We also saw increased index licensing from hedge fund clients, where new recurring subscription sales more than doubled, reflecting growth from both market cap-weighted modules and our float data. In addition, MSCI won a big strategic mandate to build client design indexes for one of America's largest wealth managers.
This demonstrates how we continue to capitalize on rising demand for tools to support portfolio customization at scale, a trend that is especially visible in the wealth segment. Turning to analytics. We delivered subscription run rate growth of 7%, resulting in over $639 million of run rate and a near record retention rate of 95.1%.
Globally, we posted recurring sales growth of 30% in enterprise risk and performance driven by a significant number of large deals with asset managers and asset owners. For example, MSCI completed one of our largest ever liquidity analytics deals covering both regulatory reporting requirements and liquidity risk management. Despite pressures on equity managers, we also grew equity analytics by 11% to nearly $200 million in run rate.
In ESG, we delivered 21% run rate growth across our product lines for, taking our run rate to $387 million, while posting a retention rate of 96%. At the regional level, the regulatory environment continues to ADSG sales in EMEA, and our solutions continue helping clients navigate new requirements.
In Climate, we achieved 49% run rate growth across our product lines from Y, where we now have $98 million of run rate including $68 million of subscription run rate growing by 49%, which had a retention rate of 97%. In addition, AUM and MSCI index-linked climate ETFs increased by 64% to $71 million while MSCI index-linked climate equity non-ETF AUM increased by 75% to $107 billion.
Finally, in real assets, we posted total run rate growth of almost 10%, along with a retention rate of 91%. Geographically, our Q3 results were especially strong in APAC, where MSCI continues to benefit from the increasing scale and growing breadth of the investment industry and the reach. For example, in real assets, APAC achieved 15% run rate growth and grow strong sales with asset owners, including for our real estate index Intel and Performance Insights tool.

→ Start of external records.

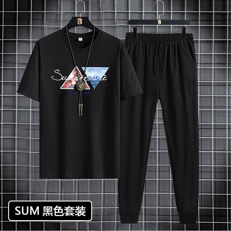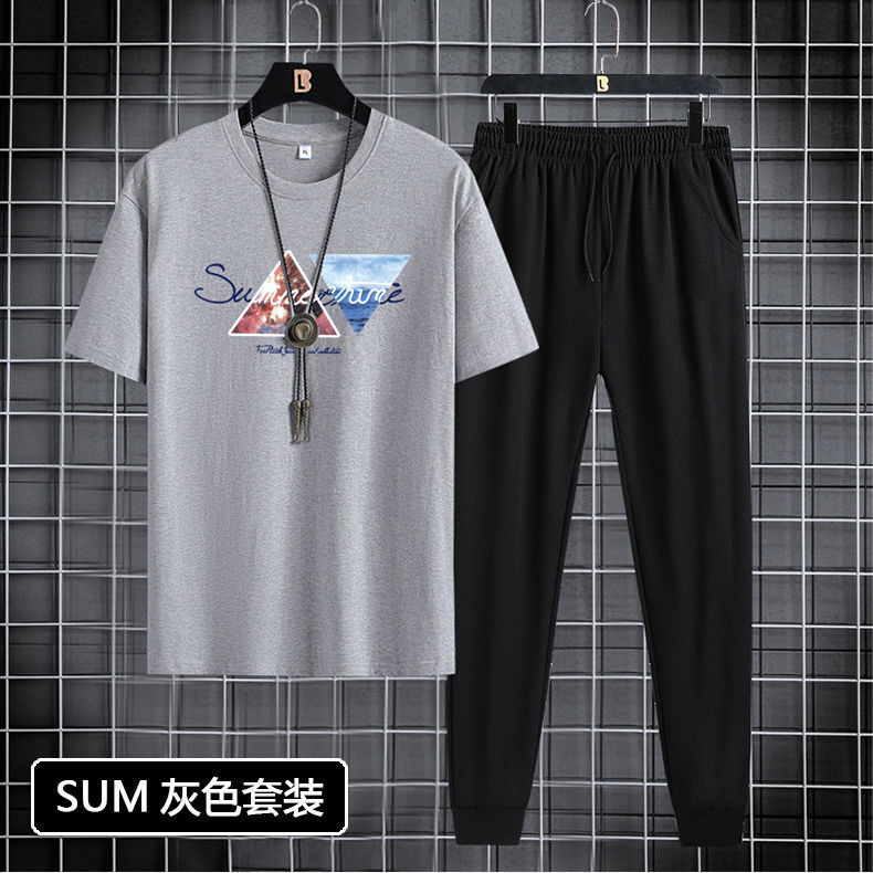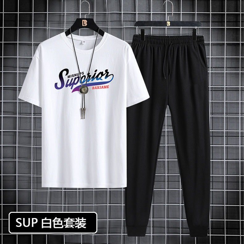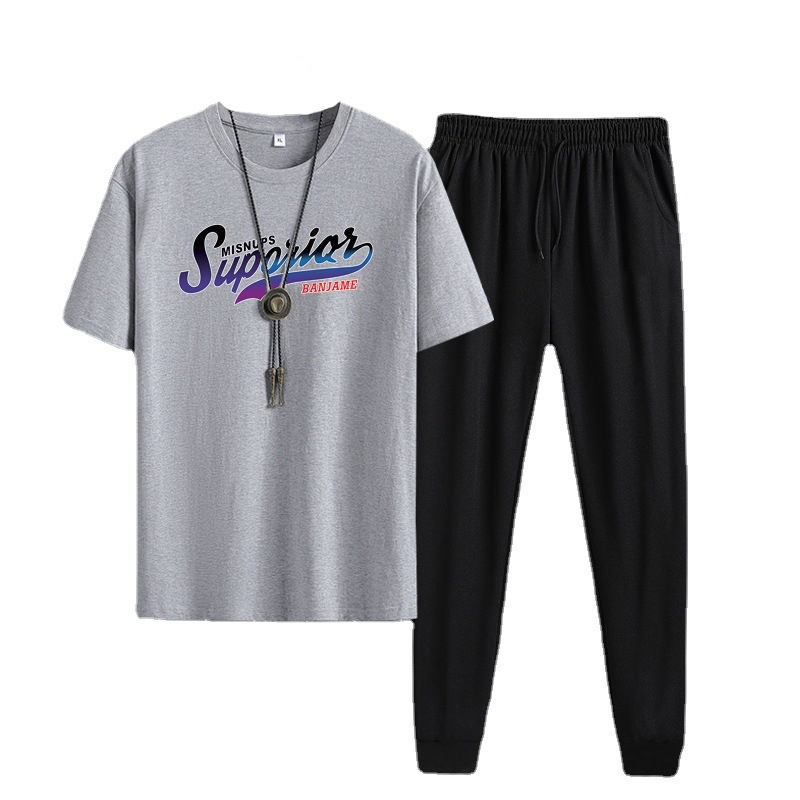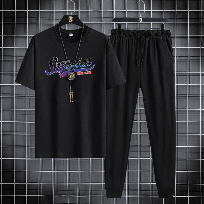 Short sleeved and long pants set for men in 2024, suitable for youth and men's sports and leisure. Round neck printed two-piece set, Korean version, casual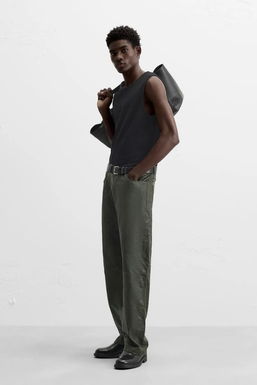 Pantalón relaxed fit confeccionado en piel con efecto arrugado. Cinco bolsillos. Cierre frontal con cremallera y botón.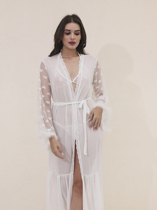 Turn up the charm with this elegant 3-piece white lingerie set for women, featuring a sheer lace robe with heart patterns, a delicate halter bralette, and a matching thong. Perfect for honeymoon nights, bridal lingerie, or romantic evenings, this seductive nightwear set is designed with soft, breathable fabric and luxurious feather-trimmed sleeves. The robe includes a waist tie for an adjustable fit and graceful silhouette.
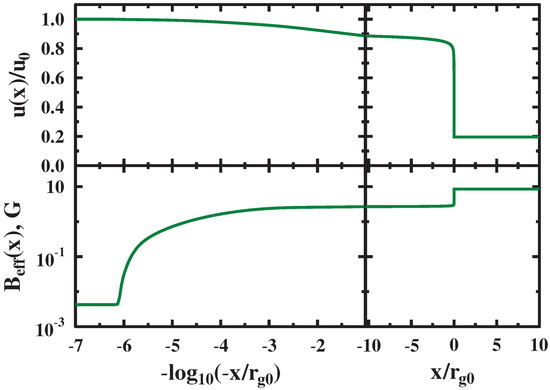 where is the pressure of the entire plasma in the downstream, . We determine the current values , and at this iteration of the quantities from the distribution function obtained after particle propagation. The value is also calculated based on the equation given below. Thus, three unknowns , and remain in the Equations (14)–(16). Solving these equations, we find a new value of . The value for the next iteration is found by averaging the new value and the old one.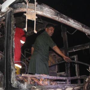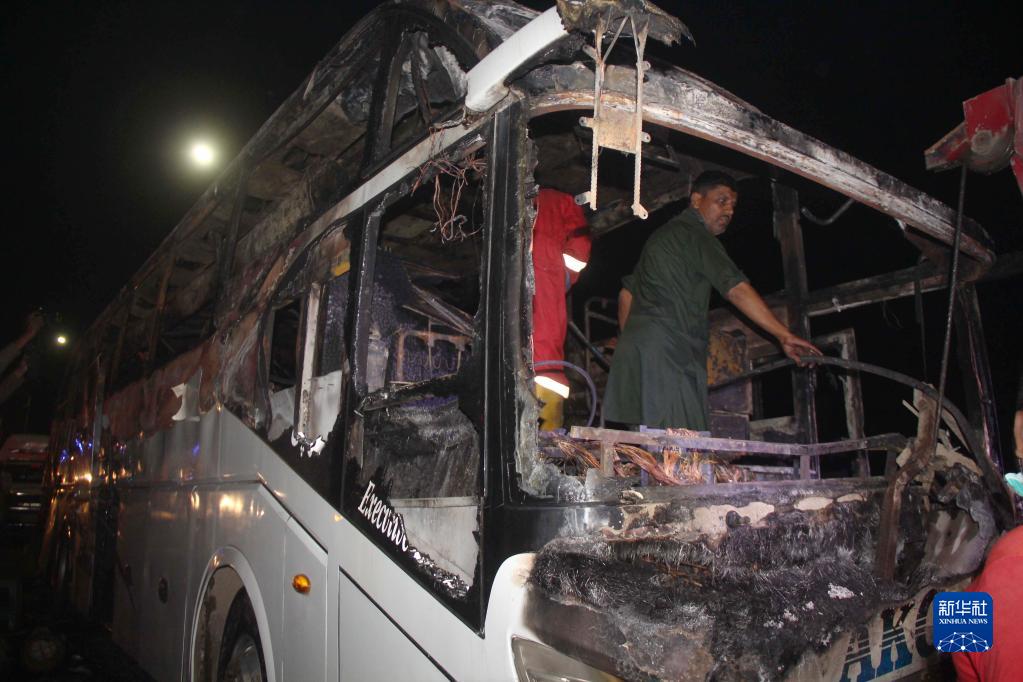 10月13日,救援人員在巴基斯坦信德省賈赫舒洛地區檢查燒毀的客車。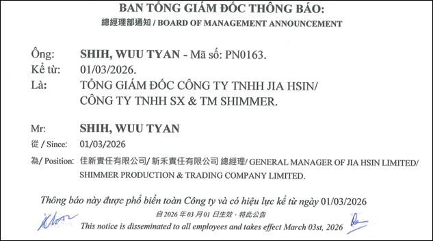 Tập tin 文件: A04-JSGHRMA-2026-015 Thông báo vv công bố Tổng Giám Đốc công ty職務委任 — 總經理.pdf

In Index, APAC delivered recurring subscription run rate growth of almost 15%, bringing our footprint to approximately $178 million.
MSCI's underlying strength of the company reflects our increasingly diverse range of capabilities and clients across geographies. Those advantages become even more important during periods of market volatility and uncertainty. As a result, we continue to see high levels of client engagement across segments, products and regions. And we also see healthy pipeline as we approach the end of the year. Looking ahead, MSCI will remain laser focused on strong profitability while continuing to invest in our business.
And with that, let me turn the call over to Andy. Andy?
Thanks, Baer, and hi, everyone. Our attractive financial model enabled us to deliver double-digit growth in the quarter across revenue, recurring subscription run rate and adjusted EPS. In Index subscription, we drove 9% run rate growth in our market cap weighted modules, high-teens growth in custom indexes and mid-teens growth in our ESG and factor modules. .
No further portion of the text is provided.